What bank is behind Rocket Mortgage? ›

Quicken Loans, the company behind Rocket Mortgage, has always been obsessed with finding a better way. That's why Rocket Mortgage was created: to make getting a mortgage easier.

What should I know about Rocket Mortgage? ›

Rocket Mortgage® is best for people who have a credit score of 580 or above and are ready to buy a home or refinance within the next few months. Check your credit score through our sister company, Rocket Homes®. If you already have a signed purchase agreement, apply online to get started.

What is Rocket Mortgage's minimum credit score? ›

If you can make a 10% down payment, your credit score can be in the 500 – 579 range. Rocket Mortgage® requires a minimum credit score of 580 for FHA loans. A mortgage calculator can help you estimate your monthly payments, and you can also see how your down payment amount affects them.

Who pays closing costs when refinancing? ›

When you refinance, you are required to pay closing costs like those you paid when you initially purchased your home. The average closing costs on a refinance are approximately $5,000, but the size of your loan and the state and county where you live will play big roles in how much you pay.

What is needed when refinancing a home? ›

Mortgage Refinance Document Checklist
  • Pay Stubs. Lenders want to confirm that you're bringing in enough income to afford the mortgage. ...
  • Tax Returns, W-2s And 1099s. ...
  • Homeowners Insurance. ...
  • Asset Statements. ...
  • Debt Statements. ...
  • Additional Documents.
Dec 18, 2023

Should I get an appraisal before refinancing? ›

editorial guidelines here . You'll typically need a home appraisal to refinance your mortgage, both to confirm your home's value and to set your new loan amount. If your refinance appraisal comes in too low, though, you may not be able to refinance unless you use a streamline (no-appraisal) refinance program.

What is the best company to use for a refinance? ›

Best Mortgage Lenders for Refinancing
LenderLearn MoreMin. Credit Score
PNC Bank 4.7See Offers620
Discover 4.7See Offers620
PenFed Credit Union 4.6See Offers620
U.S. Bank Mortgage 4.6See OffersNot disclosed
7 more rows

Which bank is best for refinancing? ›

Best mortgage refinancing lenders

Bank of America: Best overall. Better: Best for online-only applications. SoFi: Best for minimum equity requirements. Ally: Best for no lender fees.

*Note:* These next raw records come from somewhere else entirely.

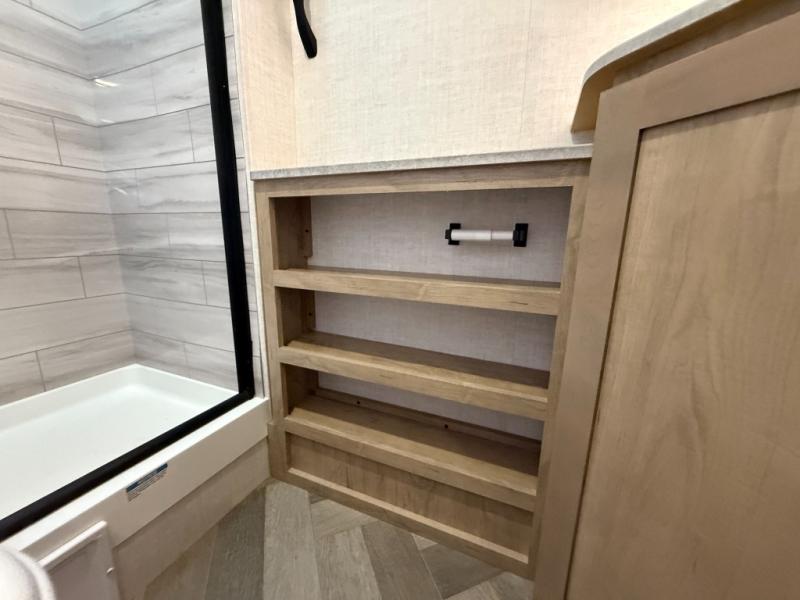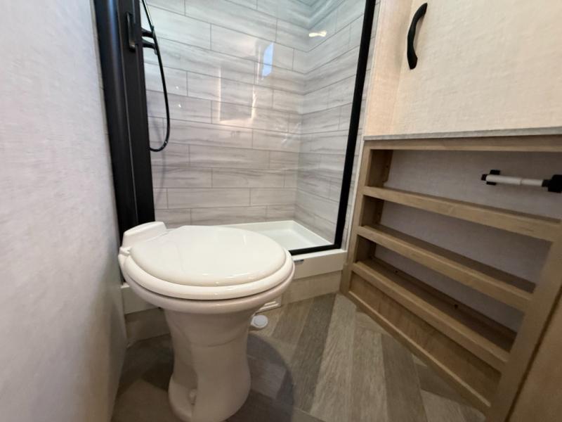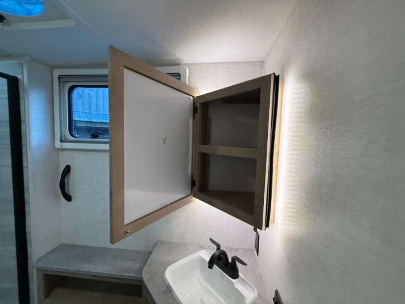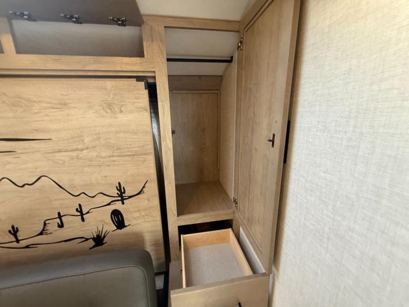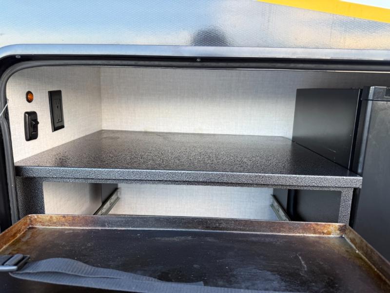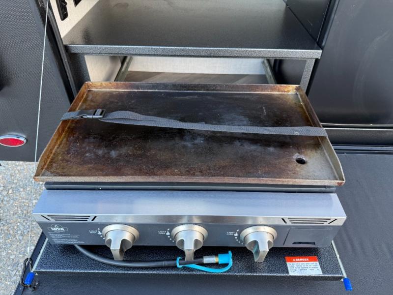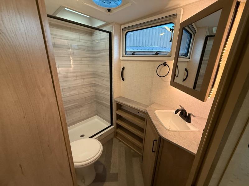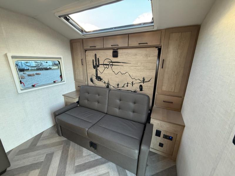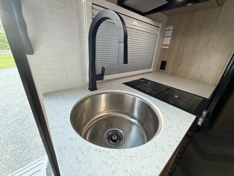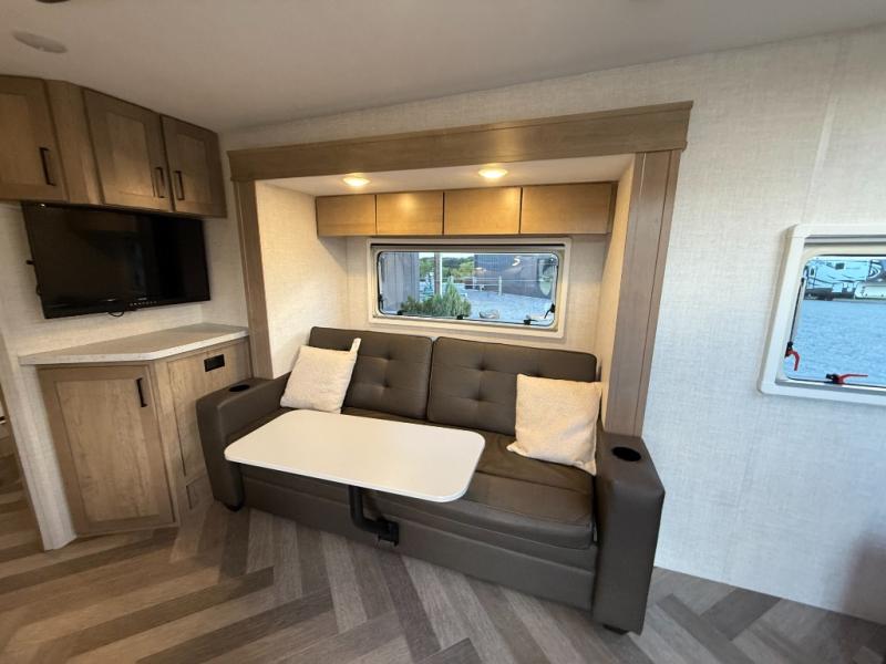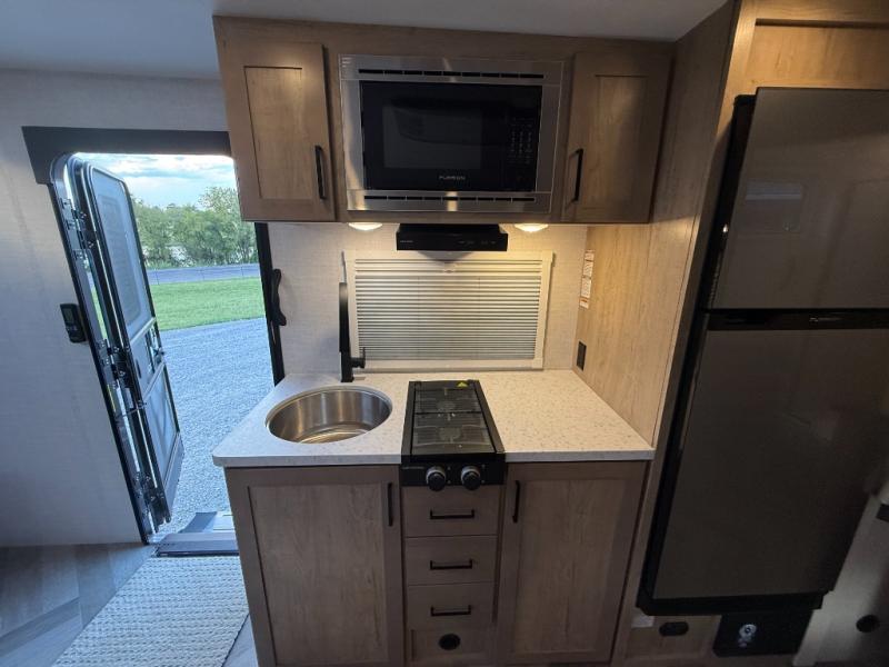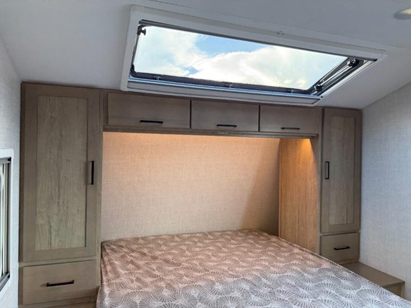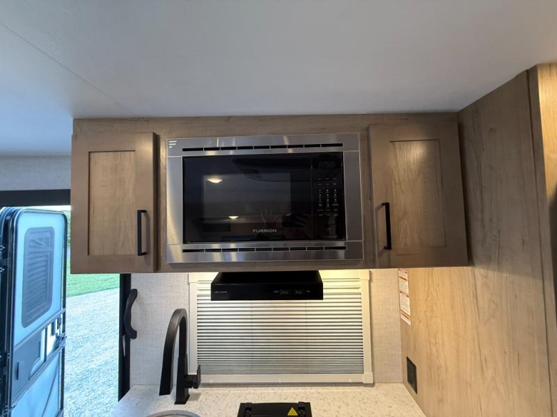 You can gaze at the stars in the comfort of your bed in this travel trailer with the "Stargazer" skylight! The front Murphy bed not only provides a 60" x 80" queen bed for at night, but also a jackknife sofa to sit on during the day while you watch a movie across from the 12V HDTV/AV system. You also have a second jackknife sofa on a slide with a removable table and dual storage cubbies behind it. The kiddos will get a good night's rest each night on the set of double-sized bunk beds and the lower bunk even folds for storage space, plus there is a kayak/bike door for easy access. Everyone will stay squeaky clean with the 24" x 40" shower in the rear corner bathroom, and their bellies full with the two burner cooktop and the outside kitchen which has a 1.6 cu. ft. refrigerator and optional griddle!
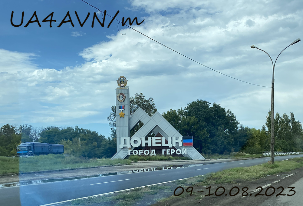 Заехав в Донецк, эфир на «двойке» ожил. Я стал принимать Донецких радиолюбителей, которые общались, обсуждая какие-то бытовые темы. Я дал вызов на 145.500 МГц и мне тут же откликнулся один местных D1… Перекинувшись парой фраз, тут же подключился и Виктор (D1DX). Однако, полноценного QSO не получилось, связь прерывалась и в конечном итоге он перестал меня принимать. Донецк – холмистый город. Наш автомобиль то съезжал с холма, то выскакивал на него ненадолго. В общем, эфир у них в Донецке активно живёт, не смотря ни на что.
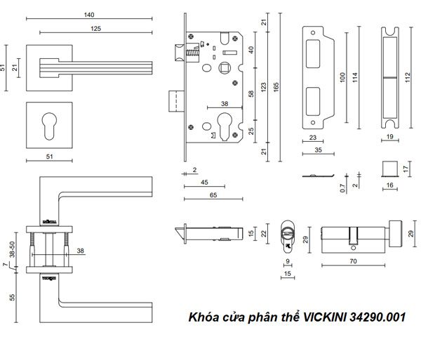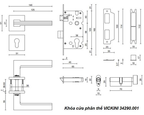 - Khóa cửa phân thể VICKINI 34290.001 MBG vàng xước mờ, ruột chốt
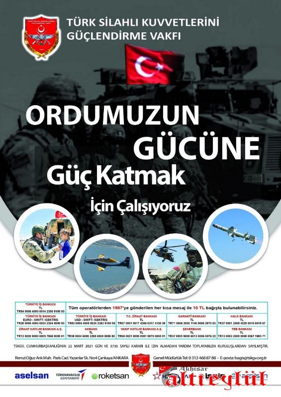 Kuruluşunda sınırlı bir bütçeyle yola koyulan TSK Güçlendirme Vakfı, çalışmalarında en büyük desteği büyük Türk Milletinden almıştır. Vakıf, milletimizin dişinden tırnağından artırarak gönülden verdiği bağışları en verimli şekilde değerlendirmek üzere çalışmalarını büyük bir azim ve kararlılıkla sürdürmektedir.

Why would someone use Rocket Mortgage? ›

Why should I use Rocket Mortgage? Rocket Mortgage® lets you work at your own pace, while providing award-winning customer service and expert advice. It lets you apply online, anytime, at your convenience – which means it's there when you need a fast approval to buy a house or a way to lock your rate when rates drop.

Is it hard to get a loan from Rocket Mortgage? ›

Rocket Mortgage's online-first process makes the application process smooth, whether you log in using RocketMortgage.com or the mobile app. You'll need credit scores of at least 580 to qualify with Rocket Mortgage.